Publications & Posters

Assessment of Plasma Total Tau Level as a Predictive Biomarker for Dementia and Related Endophenotypes.


Pase MP, Beiser AS, Himali JJ, Satizabal CL, Aparicio HJ, DeCarli C, Chene G, Dufouil C and Seshadri S.

JAMA Neurol. 2019 Mar 4. 

DOI: 10.1001/jamaneurol.2018.4666



Blood-based biomarkers have the potential to improve the identification of persons with the greatest dementia risk for inclusion in dementia prevention trials through low-cost and minimally invasive screening.


To investigate the use of plasma total tau as a blood biomarker for dementia and related endophenotypes.


This prospective cohort study used data from the US community-based Framingham Heart Study with replication in the Memento study, a multicenter cohort of persons with mild cognitive impairment or subjective cognitive complaints recruited from memory clinics across France. Total tau levels were measured from stored plasma samples in Framingham Heart Study participants during 2004 to 2011. Dementia follow-up occurred across a median of 6 years (interquartile range, 5-8 years) for persons 65 years and older who were dementia free at baseline. Plasma and/or cerebrospinal fluid samples were obtained from Memento study participants from April 19, 2011, to June 22, 2016. Dementia follow-up took place over a median of 4 years (interquartile range, 3-5 years). Data analysis was performed from January to November 2018.

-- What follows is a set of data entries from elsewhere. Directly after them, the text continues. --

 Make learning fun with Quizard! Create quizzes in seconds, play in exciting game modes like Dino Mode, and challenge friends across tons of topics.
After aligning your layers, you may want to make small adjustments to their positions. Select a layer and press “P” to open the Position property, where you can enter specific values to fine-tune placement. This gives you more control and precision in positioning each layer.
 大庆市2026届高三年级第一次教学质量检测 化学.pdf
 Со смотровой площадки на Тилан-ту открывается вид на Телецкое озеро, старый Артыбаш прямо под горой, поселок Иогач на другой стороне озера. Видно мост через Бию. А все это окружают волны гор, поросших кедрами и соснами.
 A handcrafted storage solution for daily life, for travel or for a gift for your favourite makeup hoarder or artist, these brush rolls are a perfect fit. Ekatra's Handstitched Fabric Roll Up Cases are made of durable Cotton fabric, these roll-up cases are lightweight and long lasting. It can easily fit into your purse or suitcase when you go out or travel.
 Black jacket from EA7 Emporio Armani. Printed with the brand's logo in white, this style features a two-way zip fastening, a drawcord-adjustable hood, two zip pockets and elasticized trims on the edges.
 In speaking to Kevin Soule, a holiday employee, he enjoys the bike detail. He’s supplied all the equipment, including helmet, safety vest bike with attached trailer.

Plasma total tau level measured using single-molecule array technology.


Incidence of dementia of any cause (all dementia) and dementia due to clinical Alzheimer disease (AD dementia).

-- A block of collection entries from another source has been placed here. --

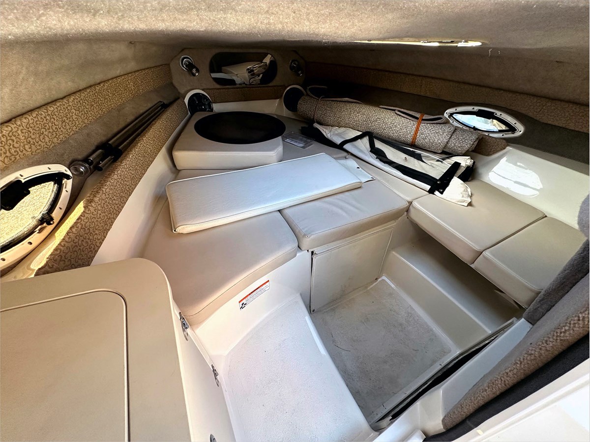 The 225CR is a robust boat designed for navigating rough waters, featuring ample freeboard for added safety and performance. Thanks to Stingray's Z-plane hull, it swiftly rises out of the water, achieving quicker speeds and a smoother ride. With a length just shy of 23 feet and a generous 8.33-foot beam, this boat offers a roomy cockpit and cabin, making it an excellent choice for comfortable overnight stays. A convenient recessed cabin step leads to the spacious V-berth with various amenities, while the bi-fold doors with smoke inserts and keyed entry lock offer added privacy.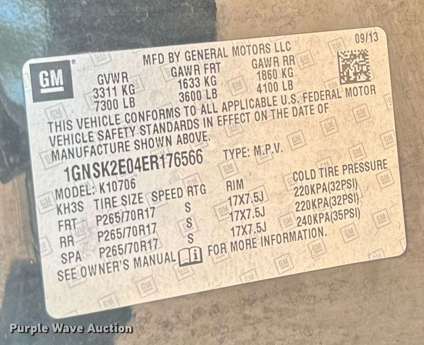 Purple Wave is selling a used Passenger Vehicle in Colorado. This item is a 2014 Chevrolet Tahoe Police SUV with the following: Miles: 124,829 on odometer, VIN: 1GNSK2E04ER176566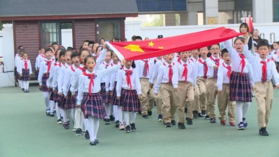 今天上午,泰州市城东中心小学春晖校区的师生们,邀请八十高龄的老海军秦卫邦,共同参加小小阅兵式,向国旗敬礼,向祖国致敬。
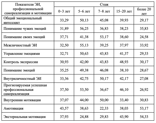 - Максимальные показатели общего ЭИ, понимания чужих эмоций, межличностного ЭИ и профессиональной самореализации характерны для специалистов со стажем 5–6 лет. Пик понимания своих эмоций и внутриличностного ЭИ, а также внутренней мотивации достигается к 7–8 годам стажа.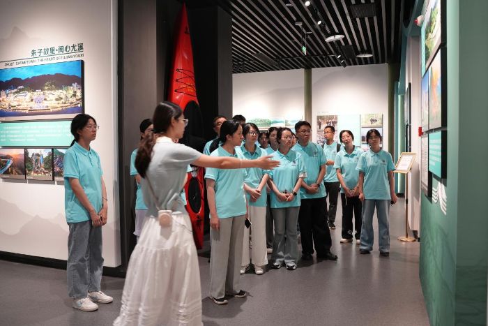 實踐隊在三明市生態文明建設實踐主題展館學習“兩山”理論,鄭棋銘攝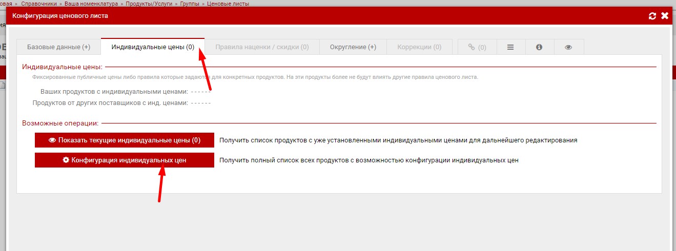 Если вы хотите прописать цену для каждого из продуктов, то переходите в закладку "Индивидуальные цены" и там нажимаем на кнопку "Конфигурация индивидуальных цен"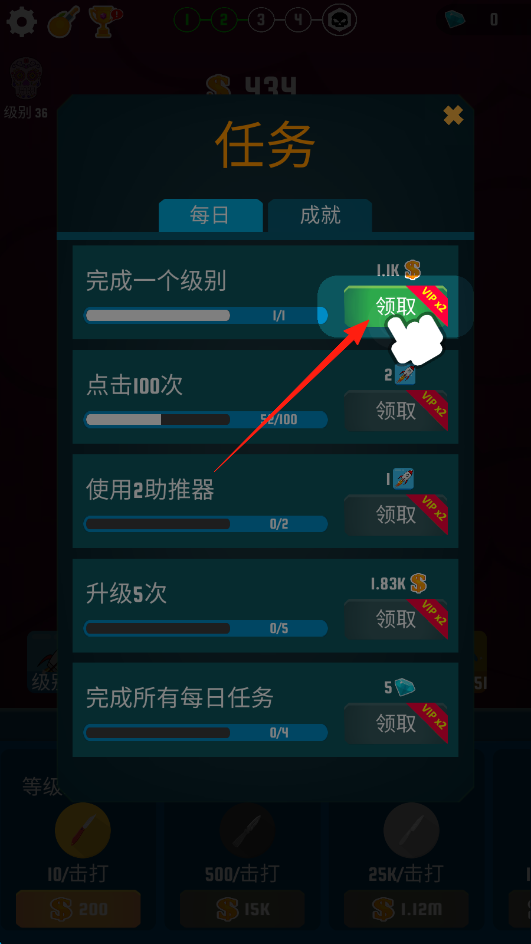 2、完成级别后,进入任务界面,领取奖励,积累金币,用于升级刀具。

Among the 1453 participants in the Framingham dementia study sample, the mean (SD) age was 75 (7) years; 792 (54.5%) were female. Among the 367 individuals in the replication cohort, the mean (SD) age was 69 (9) years; 217 (59.1%) were female. Of 134 cases of incident all dementia in the Framingham sample, 105 were AD dementia. After adjustment for age and sex, each SD unit increase in the log of plasma total tau level was associated with a 35% increase in AD dementia risk (hazard ratio [HR], 1.35; 95% CI, 1.10-1.67). The addition of plasma total tau to a model including age and sex improved the stratification of participants for risk of AD dementia (net reclassification improvement, 0.382; 95% CI, 0.030-0.716). Higher plasma total tau level was associated with poorer cognition across 7 cognitive tasks (P < .05) and smaller hippocampi (hippocampal volume: β [SE] = 0.002 [0.001]; P = .003) as well as neurofibrillary tangles (β [SE] = 0.95 [0.45]; P = .04) and microinfarcts (odds ratio, 3.04; 95% CI, 1.26-7.37) at autopsy. In the replication cohort, plasma total tau level weakly correlated with cerebrospinal fluid total tau level (Spearman correlation coefficient, 0.16; P = .07), but plasma total tau was at least as strongly associated with incident AD dementia as cerebrospinal fluid total tau (log plasma total tau: HR, 2.33; 95% CI, 1.00-5.48; log cerebrospinal fluid total tau: HR, 2.14; 95% CI, 1.33-3.44) after adjustment for age and sex.


The findings suggest that plasma total tau levels may improve the prediction of future dementia, are associated with dementia endophenotypes, and may be used as a biomarker for risk stratification in dementia prevention trials.